THE UNIVERSITY QUESTION
The conversation of the great Liberator was never wholly forgotten, and it was probably his earliest chance of a glimpse of the Irish point of view at first hand.
July 11.—No news till the afternoon and then heard on very good authority that the Grey government is definitely broken up, and that attempts at reconstruction have failed. Cousin, Sismondi, Education evidence. Letters. House. 21st.—To-day not for the first time felt a great want of courage to express feelings strongly awakened on hearing a speech of O'Connell. To have so strong an impulse and not obey it seems unnatural; it seems like an inflicted dumbness. 28th.—Spoke 30 to 35 minutes on University bill, with more ease than I had hoped, having been more mindful or less unmindful of Divine aid. Divided in 75 v. 164. [To his father next day.] You will see by your Post that I held forth last night on the Universities bill. The House I am glad to say heard me with the utmost kindness, for they had been listening previously to an Indian discussion in which very few people took any interest, though indeed it was both curious and interesting. But the change of subject was no doubt felt as a relief, and their disposition to listen set me infinitely more at my ease than I should otherwise have been. 29th.—Pleasant house dinner at Carlton. Lincoln got up the party. Sir R. Peel was in good spirits and very agreeable.
It was on this occasion that he wrote to his mother,—'Sir Robert Peel caused me much gratification by the way in which he spoke to me of my speech, and particularly the great warmth of his manner.

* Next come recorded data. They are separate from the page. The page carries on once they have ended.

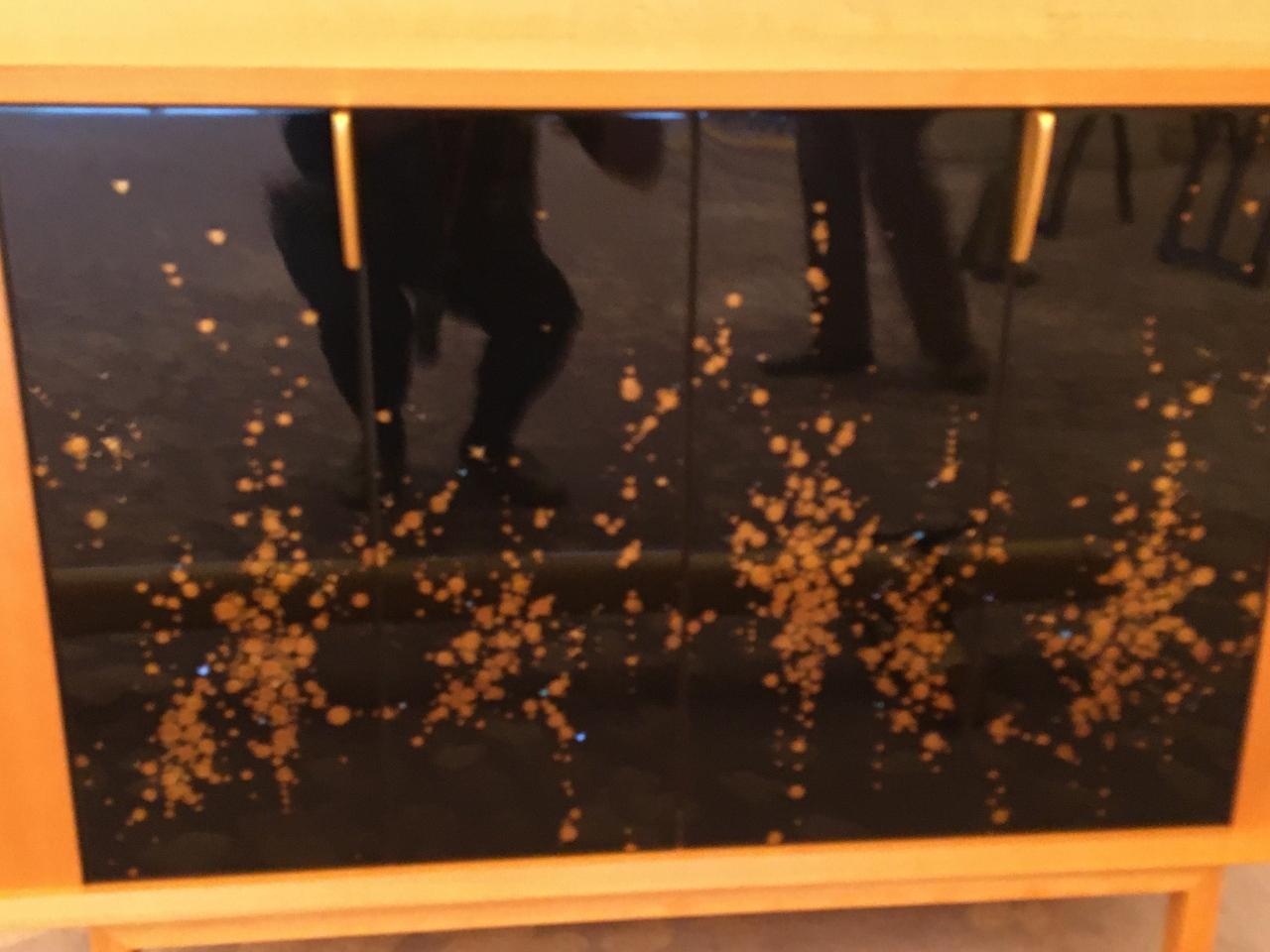 座椅子の背の部分には「五七の桐」の「蒔絵(まきえ)」が施されています。桐の葉の色は微妙に異なり、同じ模様の椅子は一つもありません。 -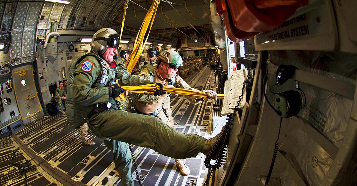 Air Force aircrew, assigned to the 15th Support Squadron, pull in the static lines after all jumpers have exited the aircraft during static line airborne training operations as part of during the Rim of the Pacific (RIMPAC) exercise. (MC Cynthia Z. De Leon/Released)
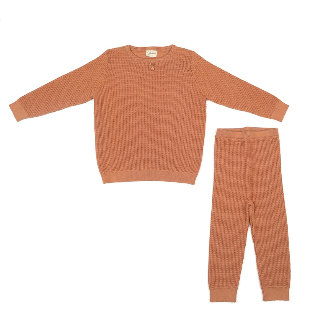 Waffle Organic Cotton Children's Bottom-Top Set Brown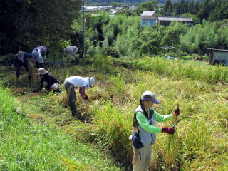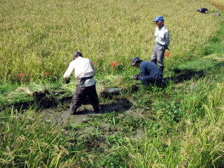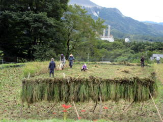 倒伏した6番田 ぬかるみの多かった3番田 3番田のはぜ掛けと機械 刈りの5番田 手刈り風景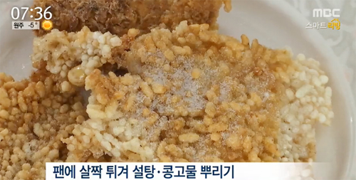 여기에 팬에 살짝 튀겨내고서 설탕이나 콩고물을 뿌려 먹으면 맛 좋은 누룽지튀김 완성이다.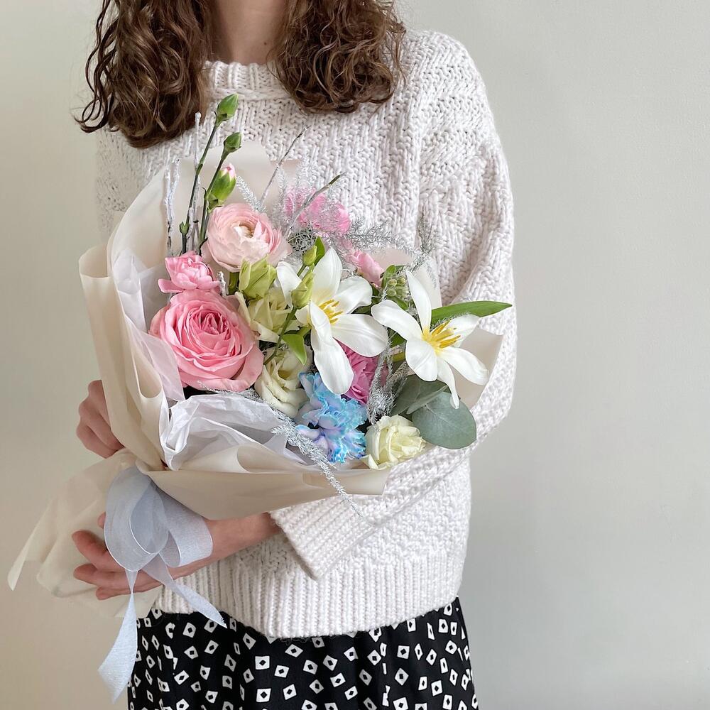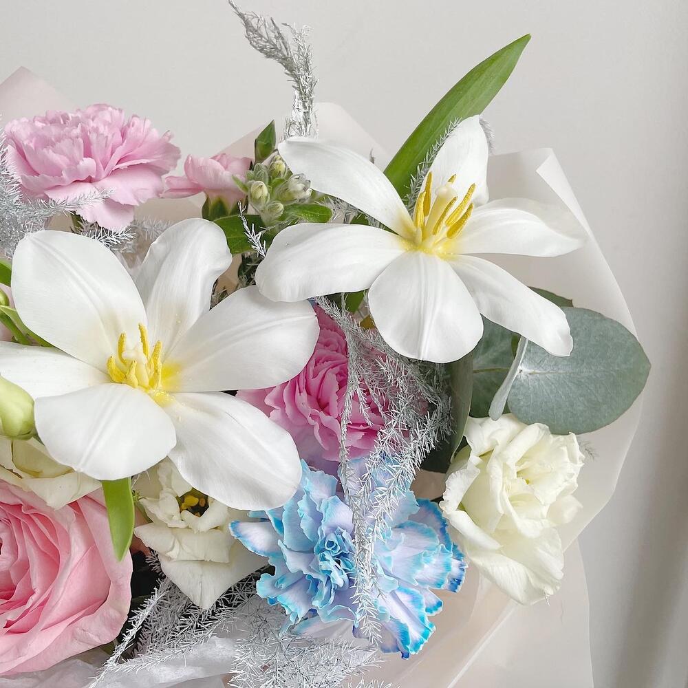 Лизиантус – 1 шт.Тюльпан – 2 шт.Черника – 1 шт.Диантус – 2 шт.Гвоздика кустовая – 1 шт.Аспарагус – 1 шт.Ранункулюс – 1 шт.Пионовидная роза – 1 шт.Оксипеталум – 1 шт.Упаковка дизайнерская – 1 шт.

He told me he cheered me loudly, and I said in return that I had heard his voice under me while speaking, and was much encouraged thereby.' He ends the note already cited (Sept. 6, 1897) on the old House of Commons, which was burned down this year, with what he calls a curious incident concerning Sir Robert Peel, and with a sentence or two upon the government of Lord Grey:—
Cobbett made a motion alike wordy and absurd, praying the king to remove him [Peel] from the privy council as the author of the act for the re-establishment of the gold standard in 1819. The entire House was against him, except his colleague Fielden of Oldham, who made a second teller.62 After the division I think Lord Althorp at once rose and moved the expunction of the proceedings from the votes or journals; a severe rebuke to the mover. Sir Robert in his speech said, 'I am at a loss, sir, to conceive what can be the cause of the strong hostility to me which the honourable gentleman exhibits. I never conferred on him an obligation.' This stroke was not original. But what struck me at the time as singular was this, that notwithstanding the state of feeling which I have described, Sir R. Peel was greatly excited in dealing with one who at the time was little more than a contemptible antagonist. At that period shirt collars were made with 'gills' which came up upon the cheek; and Peel's gills were so soaked with perspiration that they actually lay down upon his neck-cloth.

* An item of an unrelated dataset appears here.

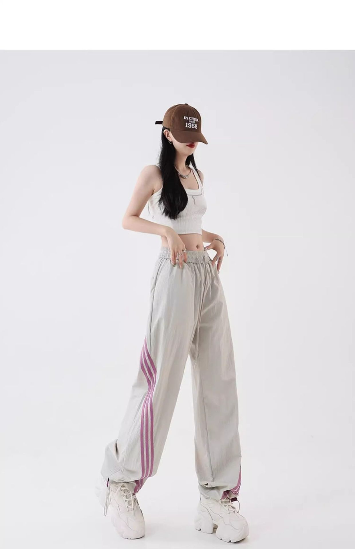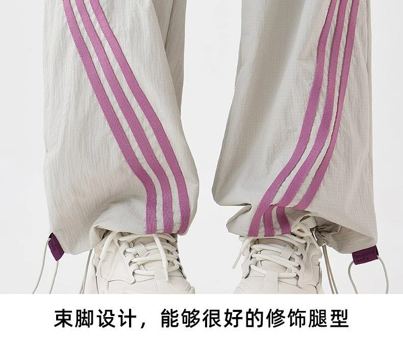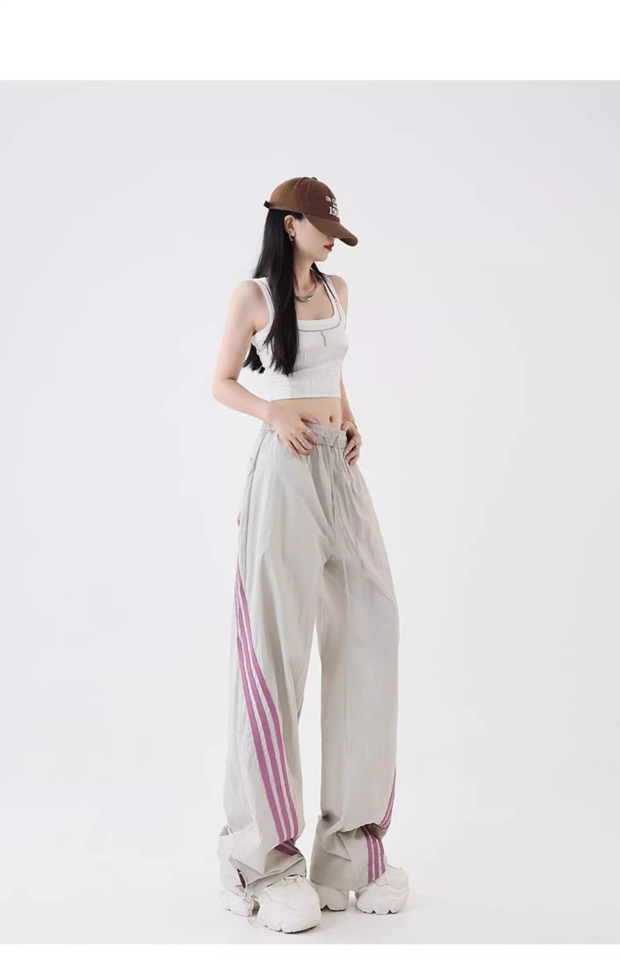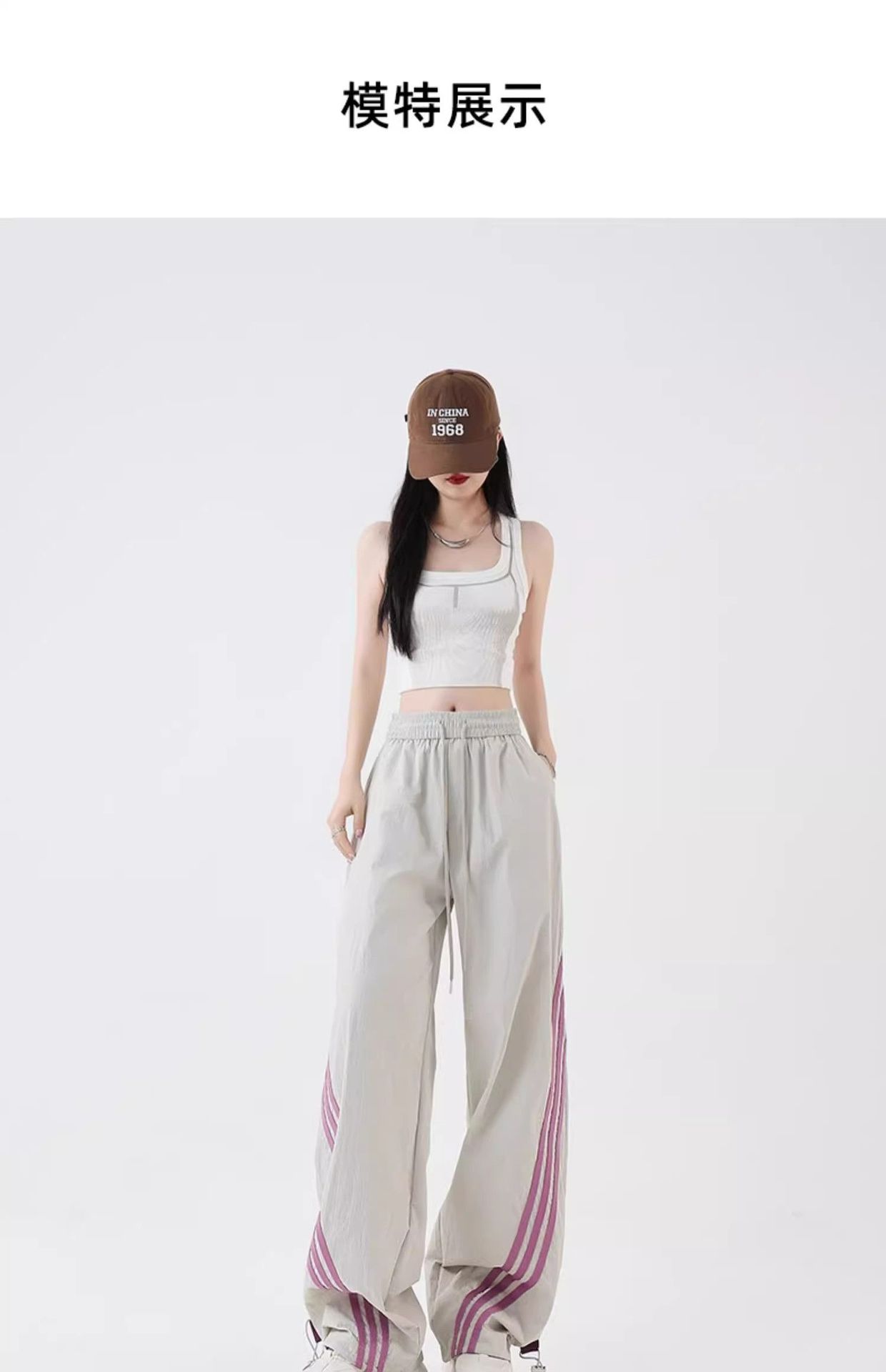 三条の鉄棒のスポーツズボンの女性のカジュアルな大きいサイズの2025夏の新型のゆったりしているストレートのストライプの速乾の広い足のズボンの子供

In one of these years, I think 1833, a motion was made by some political economist for the abolition of the corn laws. I (an absolute and literal ignoramus) was much struck and staggered with it. But Sir James Graham—who knew more of economic and trade matters, I think, than the rest of the cabinet of 1841 all put together—made a reply in the sense of protection, whether high or low I cannot now say. But I remember perfectly well that this speech of his built me up again for the moment and enabled me (I believe) to vote with the government.

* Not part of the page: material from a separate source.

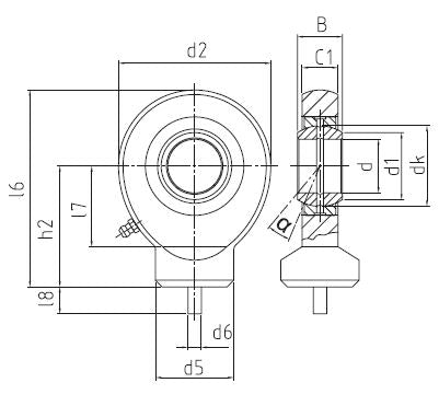 DURBAL Maintenance Required Female Hydraulic-Rod Ends with Pressed Spherical-plain Bearing (Round Welding Slope and Dowel Pin): Threaded female hydraulic rod end consisting of a forged, weldable steel housing with a steel, hardened, ground, phosphated outer ring with single split, oil groove and drill holes and a steel joint ball (Outer ring has a split from size 15) . Used for heavy static or changing loads, shock loads. Suitable for the fixing of piston rod ends and hydraulic cylinder bases. Rod ends from size 25 can be greased subsequently by means of a conical grease nipple. Hydraulic rod ends are fixed as standard with maintenance required DGE_E (size 10, 12) and DGE_ES (size 15-80) radial-spherical-plain bearings; with round welding stud and dowel pin. Temperature range -40 deg C to +200 deg C.

A YEAR OF SPLENDID LEGISLATION
The year 1833 was, as measured by quantity and in part by quality, a splendid year of legislation. In 1834 the Government and Lord Althorp far beyond all others did themselves high honour by the new Poor Law Act, which rescued the English peasantry from the total loss of their independence. Of the 658 members of Parliament about 480 must have been their general supporters. Much gratitude ought to have been felt for this great administration. But from a variety of causes, at the close of the session 1834 the House of Commons had fallen into a state of cold indifference about it.
He was himself destined one day to feel how soon parliamentary reaction may follow a sweeping popular triumph.